Apache Atlas
Apache Atlas is an enterprise-scale open data management service which provides governance for Hadoop and the entire enterprise data ecosystem.
This tutorial describes how to set up Apache Atlas with YugabyteDB and run the quick start provided by the Atlas service.
Prerequisites
To use Apache Atlas, ensure that you have the following:
-
YugabyteDB up and running. Download and install YugabyteDB by following the steps in Quick start.
-
Apache Solr 5.5.1 installed. Solr is an open-source indexing platform that serves as an indexing backend to run Apache Atlas.
Build the Apache Atlas Project
To get the Apache Atlas server file, you need to build the Apache Atlas source using the following steps:
-
Clone the source from GitHub to your local setup. Checkout to the latest stable release tag (for example, release-2.3.0) and follow the steps in the README to build the files.
-
After the source files are packaged, the Atlas server tar should be available in the
distro/target
folder. -
Unzip the tar file using the following command:
tar -xzvf apache-atlas-2.3.0-server.tar.gz
Run Apache Atlas
Perform the following steps to run the Atlas server:
-
Start Solr in SolrCloud mode. Refer to Getting started with SolrCloud. When prompted for the number of nodes, enter
1
and choose the default options for the other questions. -
After SolrCloud is started, create a few configuration sets using the following commands from the Solr home directory.

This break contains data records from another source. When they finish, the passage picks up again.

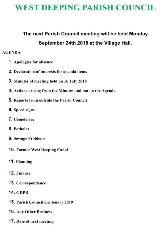 3 thoughts on “West Deeping Parish Council Agenda – 24th September 2018”
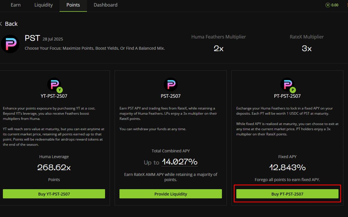 â—† Go to RateX (app.rate-x.io/referral?ref=MLAt7yEV) -> Click on "Points" -> "PST" -> Buy PT-PST-2507
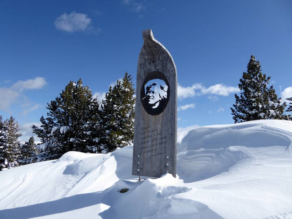 Blick von der Bergstation Richtung Dolomiten Das Denkmal am Gipfel des Paion widmet sich Carlo… Blick von der Alpe Cermis
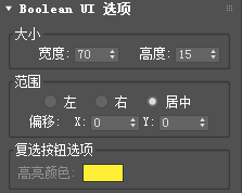 “Boolean UI 选项”卷展栏(针对复选按钮)
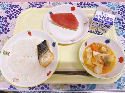 さつまいもごはん、ポコポコさつま揚げ、おひたし、じゃがいもとわかめの味噌汁、牛乳
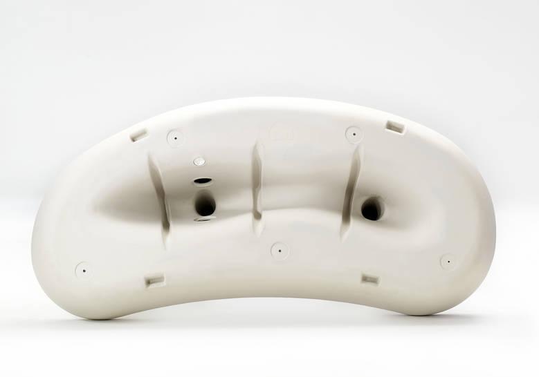 La pieza está fabricada con polietileno rotomoldeado, un material impermeable que se pigmenta en
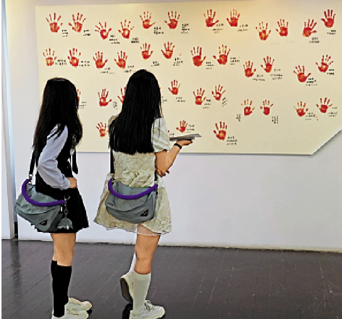 陳列館A區《二戰中的性奴隸──日軍「慰安婦」制度及其罪行展》中,證人證言展區,一面手印牆觸目驚心,43個血紅手印背後是22位「慰安婦」的屈辱血淚史。這面手印牆是李曉方特別為中國「慰安婦」們留下的永久歷史見證。
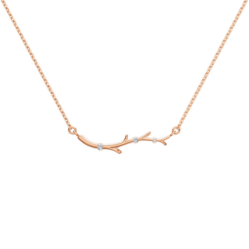 Náhrdelník z růžového 14 karátového zlata zaujme něžným tónem kovu a jemně romantickým vzhledem. Tři diamanty kulatého brusu kvality SI1, barvy G s excelentním brusem o celkové váze 0.029 ct dodávají šperku decentní lesk a luxusní detail. Precizní zpracování a lesklý povrch zvýrazňují krásu kamenů i moderní design. Délka řetízku 43 cm zajišťuje pohodlné nošení a univerzální využití. Šperk je uložen v elegantní dárkové krabičce a doplněn certifikátem pravosti.
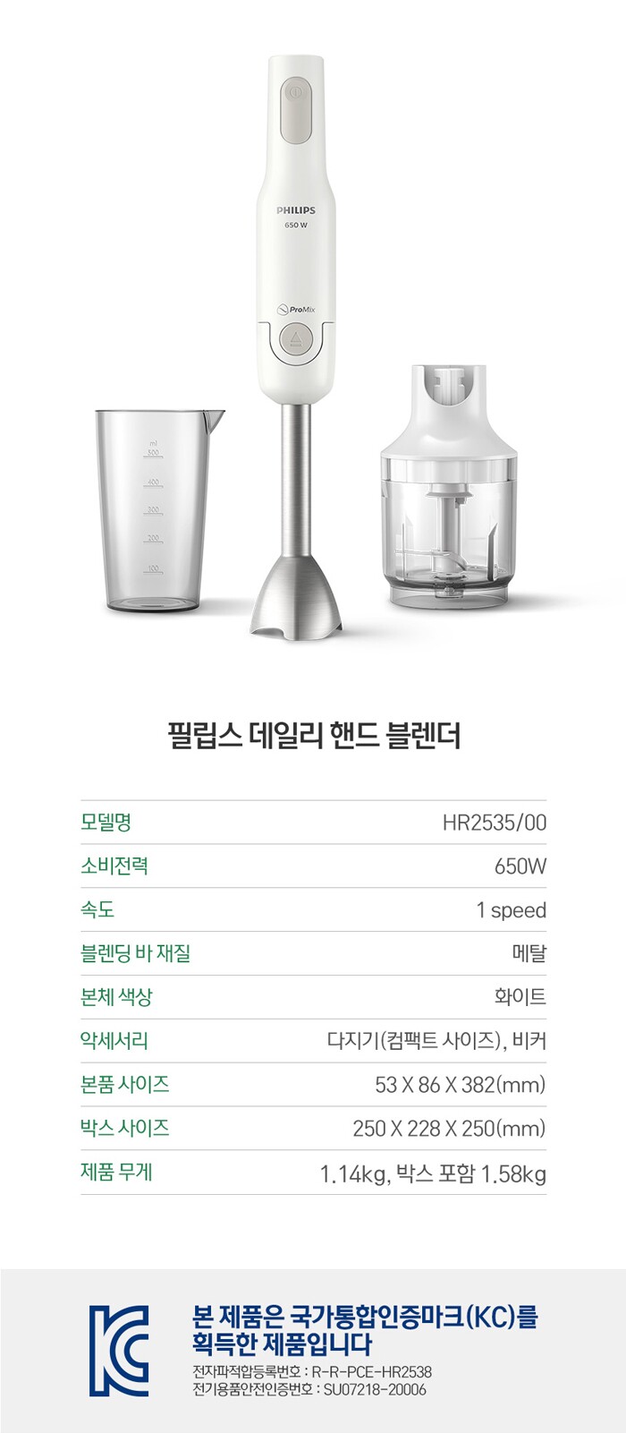 필립스 데일리 메탈 핸드 블렌더 다지기 비커 구성 HR2535/00
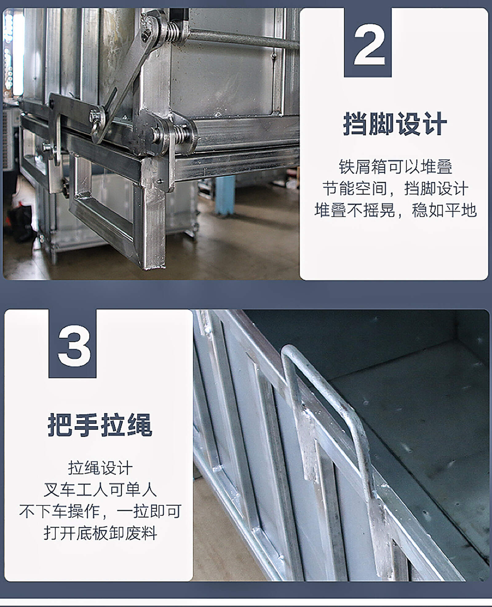 工业铁屑箱:工厂直发、加厚钢板、自卸自锁 名 称 工业级铁屑箱 定 做 支持定做 材 料 冷轧钢板 工 艺 酸洗、磷化、喷塑 产品用途 运料、装卸 产品特性 可堆垛结构、可移动、可又车使用 产品结构 便捷省力
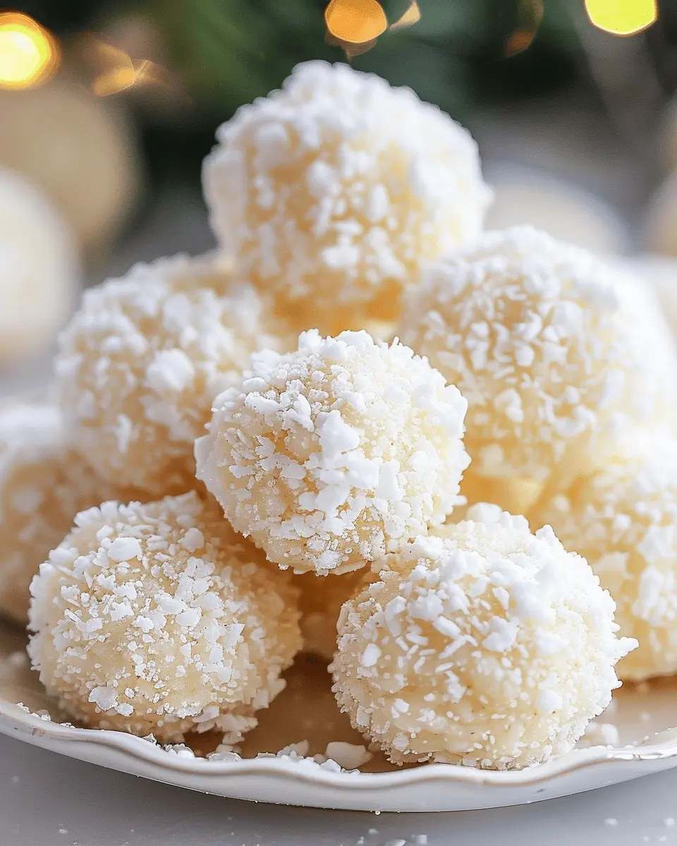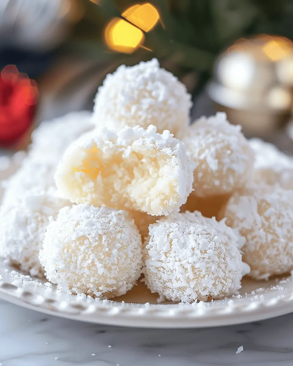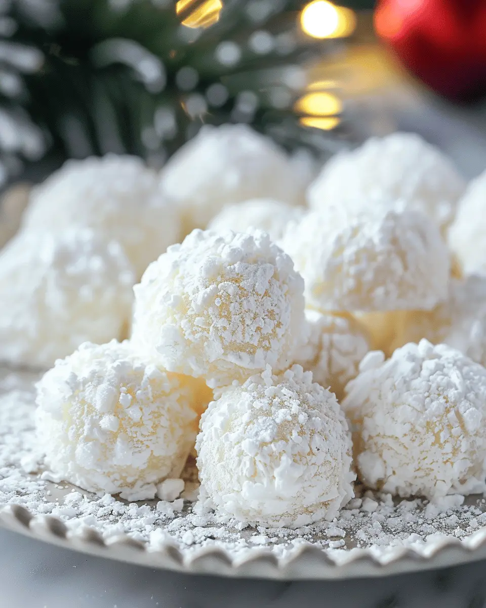 Perfect for Any Occasion: These snowy delights aren’t just limited to dessert tables; they can be served as a festive treat during holidays, or given as gifts in cute jars. Plus, they store well in the fridge, making them a delightful snack whenever you need a little pick-me-up.
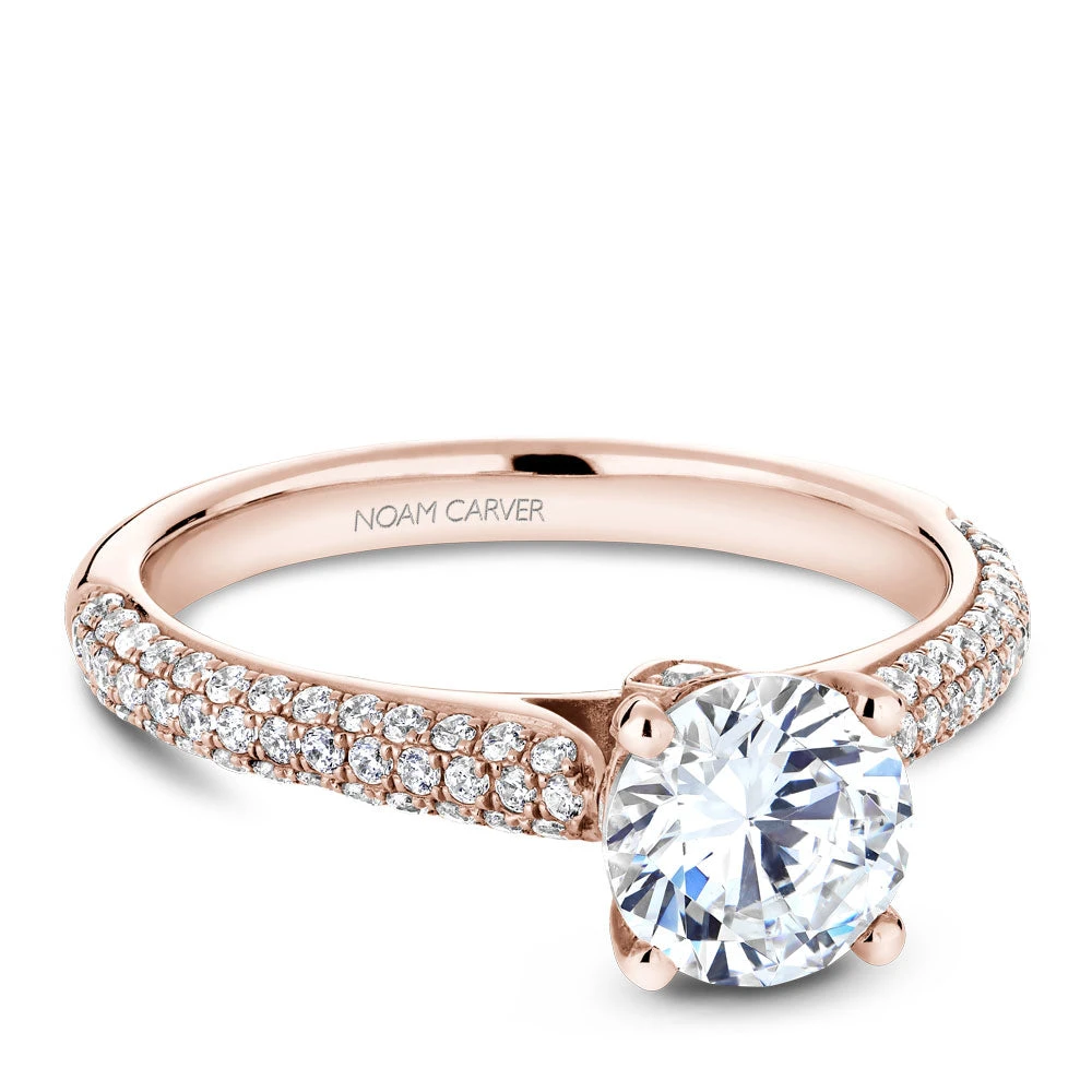 A Noam Carver rose gold engagement ring with 86 diamonds.

bin/solr create -c vertex_index -shards 2 \ -replicationFactor 2 bin/solr create -c edge_index -shards 2 \ -replicationFactor 2 bin/solr create -c fulltext_index -shards 2 \ -replicationFactor 2
-
From the unzipped Atlas home directory, modify the configurations in
conf/atlas-application.properties
file to use YugabyteDB YCQL as the graph backend as follows:# Graph storage atlas.graph.storage.backend=cql atlas.graph.storage.username=cassandra atlas.graph.storage.password=cassandra atlas.graph.storage.hostname=localhost atlas.graph.storage.cassandra.keyspace=JanusGraph atlas.graph.storage.clustername=cassandra atlas.graph.storage.port=9042 atlas.EntityAuditRepository.impl=org.apache.atlas.repository.audit.CassandraBasedAuditRepository #Comment the following Hbase specific storage properties properties #Hbase #atlas.graph.storage.hostname=localhost #atlas.graph.storage.hbase.regions-per-server=1
-
Change the
atlas.graph.index.search.solr.zookeeper-url
in theconf/atlas-application.properties
file to point to ZooKeeper started by Solr. The default value islocalhost:9983
. An example Solr URL is as follows:#Solr #Solr cloud mode properties atlas.graph.index.search.solr.zookeeper-url=localhost:9983
-
Start the Atlas Server from the Atlas home directory as follows:
bin/atlas_start.py
You should see the following output:
Starting Atlas server on host: localhost Starting Atlas server on port: 21000 ......................... Apache Atlas Server started!!!
-
To ensure the server has started successfully, run the following command:
# The default username and password for atlas is admin curl -u username:password http://localhost:21000/api/atlas/admin/version
You should see the following output:
{"Description":"Metadata Management and Data Governance Platform over Hadoop", "Revision":"4cd215e1e2a04acbcd8afe6af95f43c4979202f1","Version":"2.3.0","Name":"apache-atlas"}
-
Run the quick start script using the following command:
bin/quick_start.py
When prompted for a username and password, enter
admin
. After the script completes, you should see the following output:Creating sample types: Created type [DB] Created type [Table] . Created type [Table_Columns] Created type [Table_StorageDesc] Creating sample entities: Created entity of type [DB], guid: f87936f1-d620-4f70-88c1-471f30e95c68 . Created entity of type [LoadProcess], guid: c4c0e468-5af9-474f-acc1-088747ebf199 Created entity of type [LoadProcessExecution], guid: a03dd462-437d-42ee-b30f-dd0b8f1e9413 Created entity of type [LoadProcessExecution], guid: 2fe2e4c2-04ac-4c34-9a14-67436428949d Sample DSL Queries: query [from DB] returned [3] rows. query [DB] returned [3] rows. . query [from DataSet] returned [10] rows. query [from Process] returned [3] rows. Sample Lineage Info: loadSalesMonthly(LoadProcess) -> sales_fact_monthly_mv(Table) time_dim(Table) -> loadSalesDaily(LoadProcess) sales_fact_daily_mv(Table) -> loadSalesMonthly(LoadProcess) sales_fact(Table) -> loadSalesDaily(LoadProcess) loadSalesDaily(LoadProcess) -> sales_fact_daily_mv(Table) Sample data added to Apache Atlas Server.
-
You can verify that the
janusgraph
andatlas_audit
keyspaces were created using the ycqlsh shell as follows:ycqlsh> DESC KEYSPACES;
You should see the following output:
atlas_audit system_auth system_schema janusgraph system
Clean up
You can stop the Atlas server using the following command:
bin/atlas_stop.py
You can stop SolrCloud using the following command:
bin/solr stop -all